26 Oct 2020   |   News

AI opens new avenues for smart cities

Municipalities turn to artificial intelligence to understand what is happening in their cities

Data Rules webinar

Image taken from Science|Business webinar entitled: "How will real-time data reshape our cities?", showing possible applications of AI for EU's Green Deal.

The pandemic has dealt a body blow to many of the world’s cities. As they seek to recover from the economic and social fall-out from COVID-19, municipalities are stepping up efforts to deploy big data and artificial intelligence (AI) to improve urban life.

Equipped with a real-time view of what is happening across a city, municipalities hope to be able to make timely interventions, while spurring the development of innovative services. “We are using AI to become the eyes of the city,” Maarten Sukel, AI lead at the City of Amsterdam, told a recent Science|Business webinar entitled: How will real-time data reshape our cities?

Although municipalities generally lack the granular behavioural data available to the major Internet platforms, advances in AI are making it easier to analyse the growing volume of data being captured by street level cameras and other sensors.  “We do not control the digital world as cities, but we do control, to a level, the physical world, so we are really using AI to bridge the gap and collect data from traffic cameras, which are all round the city,” Sukel explained. “We can see what cars are driving where and at what speed …we can see if people are keeping a distance, if people are wearing their face masks and we can act on that and ask them to do it differently.” 

Amsterdam is now mounting smartphones on waste collection vehicles and citizens’ bikes (where they agree) to capture and stream images of the conditions on the streets to a server, which can use AI to detect abnormalities. That could allow the municipality to quickly detect hazardous situations, such as construction debris blocking a road or a spill from a goods vehicle.

Aware that such solutions could compromise privacy, Sukel stressed that Amsterdam isn’t using computer vision for facial recognition. Each year, the municipality takes photographs of the entire city and then uses computer vision systems to detect decay. For example, the deterioration of bicycle symbols painted on the tarmac can provide an indication of the state of a road. “We're seeing for each neighbourhood how well maintained it is,” Sukel said, noting the municipality can now allocate resources more equitably than in the past when it relied on individual citizens to report issues.  

The City of Montreal is also using cameras and sensors to collect data that can be used to improve urban services. During the webinar, Francois William Croteau, a member of the city’s executive committee, described how cameras on street corners can track how people are moving around the city, while sensors on soil pipes can monitor their condition. If and when the municipality needs to replace and repair some infrastructure in a specific locality, it uses the data from the traffic cameras to guide improvements to the road layout and street furniture.

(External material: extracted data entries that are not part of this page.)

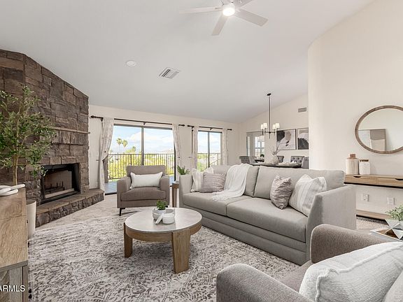 This dream retreat in the desirable Cholla Drive area of Fountain Hills has a great floorplan! This custom double door entry 4-bedroom, 4-bath, 3,192 sq. ft. home features sweeping desert and fountain views from the main-level and lower-level covered patios that span the entire length of the home. Inside, enjoy two stunning stone fireplaces, plantation shutters, and a beautifully updated kitchen, bathrooms, carpet, and interior paint—truly move-in ready. Relax by the sparkling pebble-sheen pool while soaking in the serene surroundings. A spacious 2.5-car garage adds convenience, and the home's flexible layout makes it perfect as a private retreat. Located in a super neighborhood just minutes to Fountain Park, dining, golf, and hiking!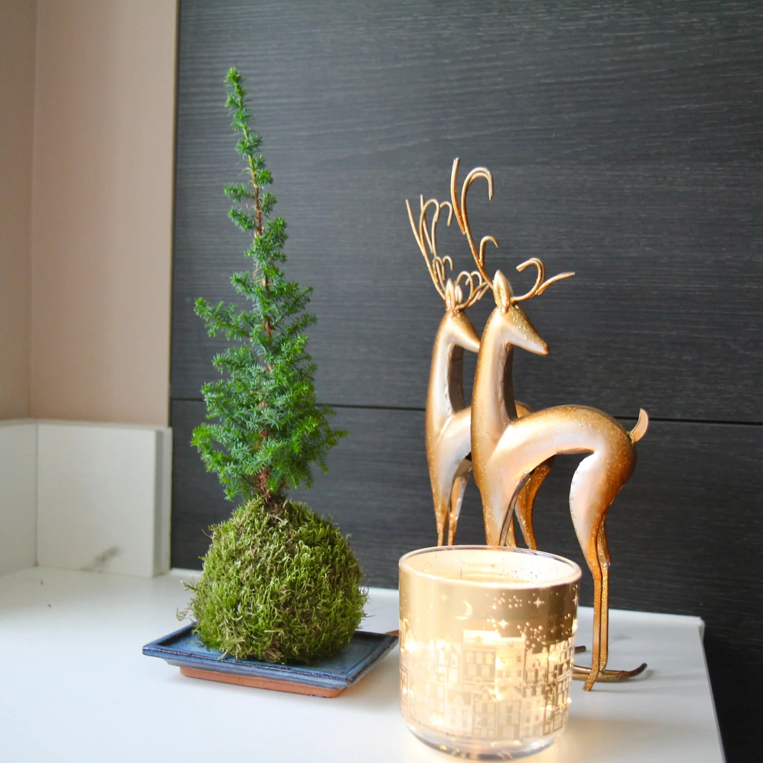 - Μινιμαλιστική κομψότητα: Το βρύο αντικαθιστά τη γλάστρα και δίνει στο δέντρο μια καθαρή, μοντέρνα εμφάνιση.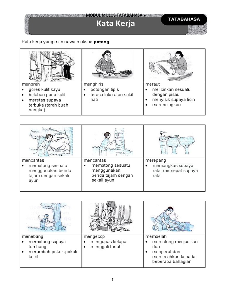 Baca versi flipbook dari Buku Bina Ayat - contoh jawapan. Contohnya antara memangkas dengan mencantas dan membelah dengan mengerat. Memutuskan sesuatu dengan pisau gergaji dan lain-lain memenggal mengerat.
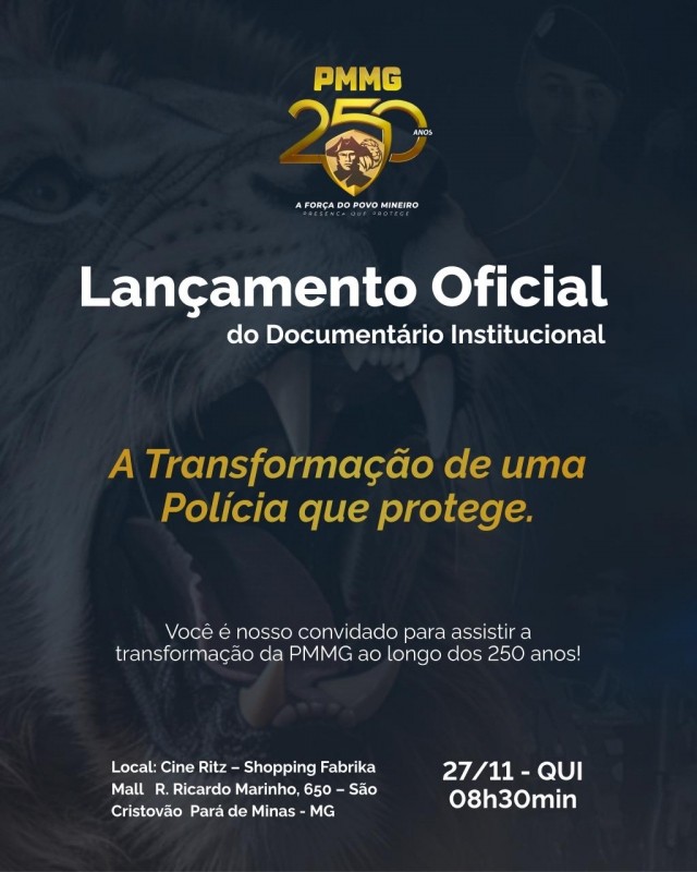 A Polícia Militar de Minas Gerais, de forma simultânea em todo o Estado, vai realizar nesta quinta-feira, dia 27 de novembro, às 8h30, o lançamento oficial do seu documentário institucional ‘A Transformação de uma Polícia que Protege’. Em Pará de Minas, a 19ª Companhia Independente exibirá o documentário no Cine Ritz do Shopping Fabrika Mall, localizado no bairro São Cristóvão.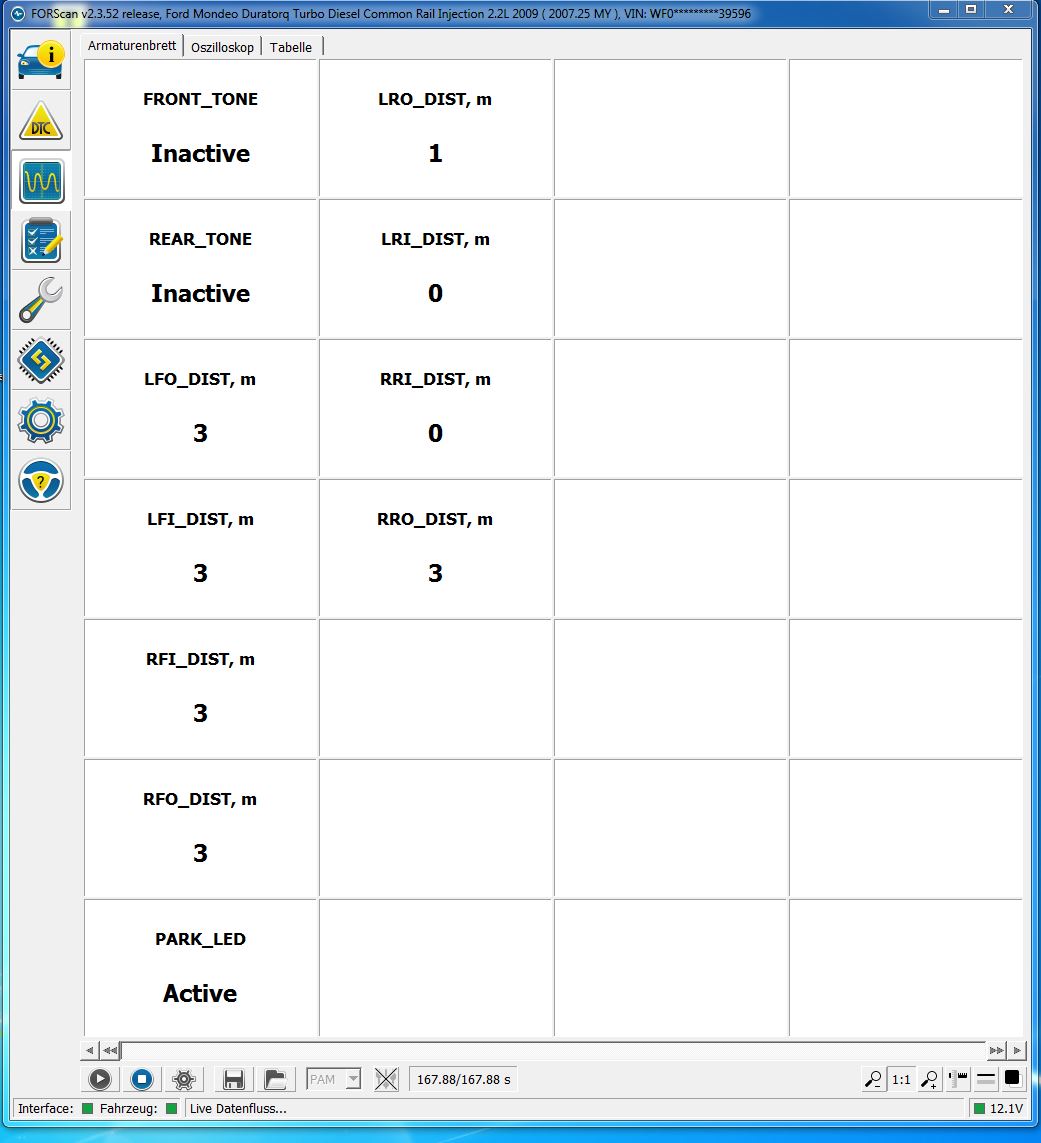 Wenn hier schon ein Sensor unter 3m zeigt ist das PAM defekt, die Sensoren selbst sind noch Spannungslos (Park_LED Inactive).

Montreal is also mounting sensors on public vehicles, such as buses, fire engines and snow ploughs, to collect the data needed to figure out how it can streamline routes and utilise these assets as effectively as possible. As a result, roads can be cleared faster, travel times reduced and lives saved, while also cutting fuel costs and greenhouse gas emissions. The city administration also asks cyclists for data about the journeys they make, to help decide where to deploy cycle lanes.

Croteau said his city doesn’t want to rely on the major Internet platforms for data. “We collect data and put it on the server of Montreal city… we don't want to depend on big companies,” he added. “And we want to be sure that the privacy of the data is secure for the citizens.”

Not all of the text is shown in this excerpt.